From what I understand, getSumOfElementsBefore_v2() fixes that problem, since storing a reference to the array in final field Holder#it would establish a "happens-after" relationship with regard to the array element writes. Unfortunately, that version of the code would need to create and maintain an extra heap object, and would require that every attempt to access the sum-of-elements array go through an extra level of indirection.
I think getSumOfElementsBefore_v3() would be cheaper but still safe. The JVM guarantees that all actions which were done to a new object before a reference is stored into a final field will be visible to all threads by the time any thread can see that reference. Thus, even if other threads don't use Holder#it directly, the fact that they are using a reference which was copied from that field would establish that they can't see the reference until after everything that was done before the store has actually happened.
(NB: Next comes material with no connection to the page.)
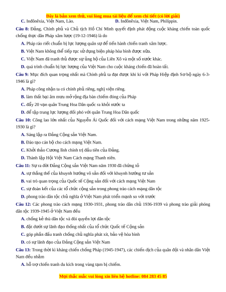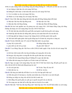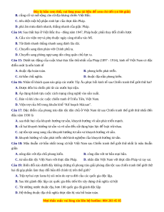 C. Bán vũ khí cho các cu c ộ chi n t ế ranh ở Tri u ề Tiên, Vi t ệ Nam. D. Vi n ệ trợ c a ủ Mĩ trong khuôn kh “ ổ K ho ế ạch Mácsan”. Câu 17: Đặc đi m ể c a ủ phong trào dân t c ộ dân chủ ở Vi t ệ Nam từ sau Chi n ế tranh th ế gi i ớ th ứ nh t ấ đ n ế đầu năm 1930 là A. sau thất bại c a ủ khuynh hư ng ớ t s ư n, khuynh h ả ư ng ớ vô s n phá ả t tri n m ể nh. ạ

Even though the latter method limits the overhead (versus the unsafe method) to the times when the new array is created (rather than adding overhead to every read), it still seems rather ugly to create a new object purely for the purpose of writing and reading back a final field. Making the array field volatile would achieve legitimate semantics, but would add memory-system overhead every time the field is read (a volatile qualifier would require that the code notice if the field has been written in another thread, but that's overkill for this application; what's necessary is merely that any thread which does see that the field has been written also see all writes which occurred to the array identify thereby before the reference was stored). Is there any way to achieve similar semantics without having to either create and abandon a superfluous temporary object, or add additional overhead every time the field is read??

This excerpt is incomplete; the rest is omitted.